Thursday Keynote: It's A Matter of Place
Bill Buxton
Microsoft Research, Redmond, Washington, USA

Bill Buxton photo
ABSTRACT
Inherent in the concept of collaboration is the notion of togetherness - perhaps not in the sense of time or Cartesian space, but together nevertheless.  There must be a common ground established, in some meaningful dimension.  Understanding the essence of that dimension is fundamental to anyone trying to develop a social prosthesis to support collaboration.  The challenge is that the essence is different for different groups, tasks, cultures, etc.  A lack of awareness, much less sensitivity, to this fact lies behind the limited success of one-size-fits-all technologies such as videoconferencing, shared whiteboards, etc.   In 1989 when we coined the term telepresence for this class of system, the definition that we adopted was, "establishing a sense of presence across distance in space and in time."  But the reality is, that definition should be more general to include any dimension which is relevant to establishing a common ground that can serve as the foundation for collaboration.  The importance of this is caught in the words of the great American architect, Louis I. Kahn:

Thoughts exchanged by one and another are not the same in one room as in another.

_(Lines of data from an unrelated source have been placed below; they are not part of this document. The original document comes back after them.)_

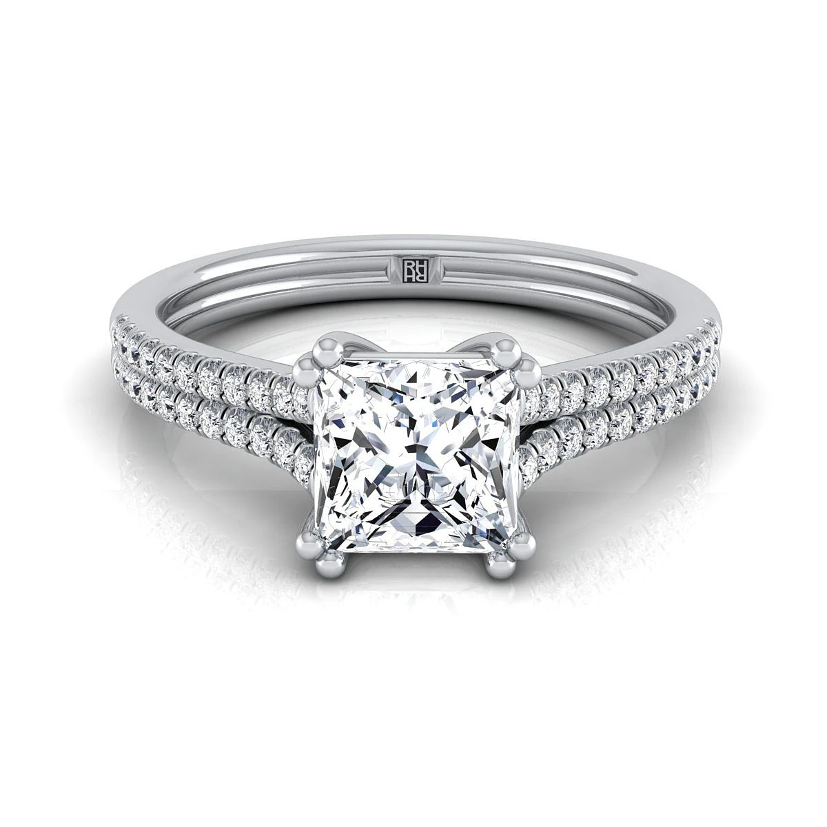 Platinum Princess Cut Diamond Double Row Double Prong French Pave Engagement Ring -1/6ctw
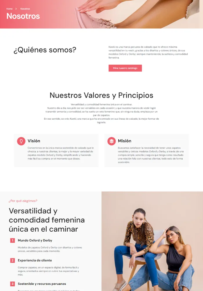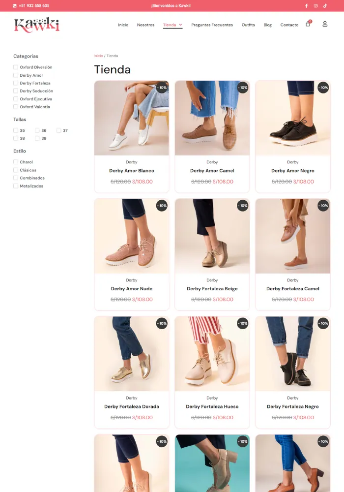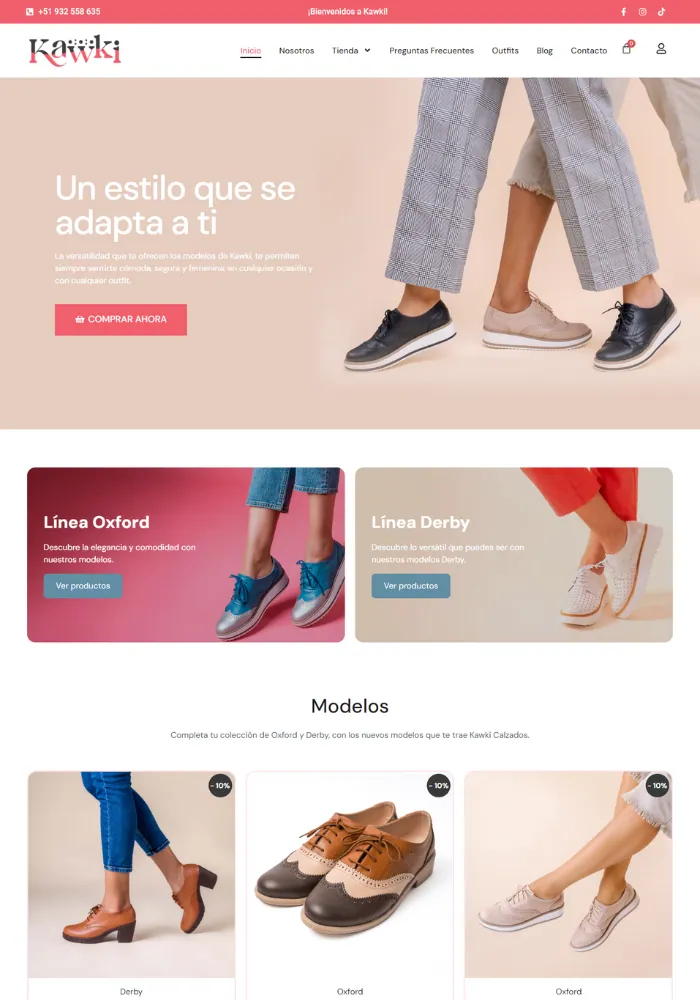 Kawki es una marca peruana de calzado que te ofrece máxima versatilidad en tu vestir, gracias a los diseños y colores únicos, de sus modelos Oxford y Derby; siempre manteniendo, la sutileza y comodidad femenina.
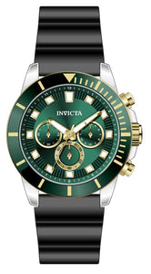 Band Material: Silicone, Band Tone: Black, Band Width: 22MM, Band Length: 225MM, Crown Type: Push, Case Material: Stainless Steel, Case Tone: Steel, Case Size [mm]: 45, Crystal Type: Flame Fusion, Dial Material: Brass, Dial Color: Green .Purchasing these parts and having a non-authorized repair center open your watch voids all manufacturing warranties. Invicta cannot guarantee the quality standards of an altered timepiece, the standard 3-year limited warranty on Invicta timepieces shall be invalid if the timepiece is serviced at any time by an unauthorized repair center. This includes battery replacements, which must be done at an Invicta authorized repair center in order to maintain the eligibility of the warranty. Please follow the link below to learn more about Invicta's warranty.https://cdn.invictawatch.com/www/files/invicta-warranty-2018.pdf
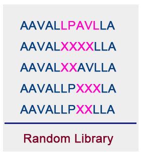 隨機多肽文庫的設計是以20種天然氨基酸通過鳥槍式法(shotgun approach)同時地、隨機地取代被選擇的氨基酸殘基。
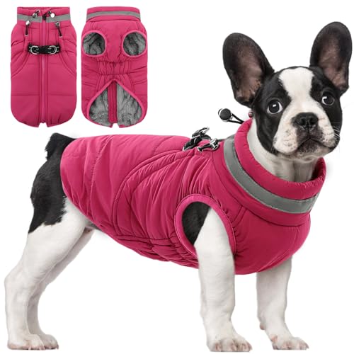 SAWMONG Dog Coat, Warm Dog Winter Coat, Waterproof Fleece Jacket, Cold Weather Dogs Jacket (S,Rosered)

Collaboration is about co-presence situated in a common place - a place suited for the task at hand.  This talk is intended to create such a place - a common ground where we can begin to develop a better shared understanding of such places, and their place in our work.


Luncheon Keynote:   Creating a Considerate World
Ted Selker
Carnegie Mellon Silicon Valley, California, USA

Ted Selker photo
ABSTRACT
No longer will the sensors we develop simply be part of a control system.  We are now poised to create a world where objects with computers in them can recognize our looks, feelings, and actions to simplify how we work with them.  New systems will have to build social awareness into their feedback and attempts to actuate and effect things in the world.  Context aware systems can recognize human intentions, making capabilities available as needed and reducing interruptions and disruption when they aren't.

Collaborations between people and computers, as collaborations between people: systems will be improved with socially appropriate responses.  This talk will present examples in which our intentions can be understood and acted on by computers.  The work reaches across domains to demonstrate that human intentions can be recognized and respected in many complex natural scenarios.  My demonstrations, ranging from beds to email systems, will show how systems can become more socially appropriate as we work to improve our lives without complicating them further.  CarCOACH for example succeeds when working not to bother you when you are negotiating a complex maneuver or have heard the same comment many times.  Disruption Manager as another example automatically mediating communication based on a cognitive model can improve human performance.  With such new tools, people can begin to create a world where systems recognize our needs through our actions to reduce unnecessary complexity in how we work.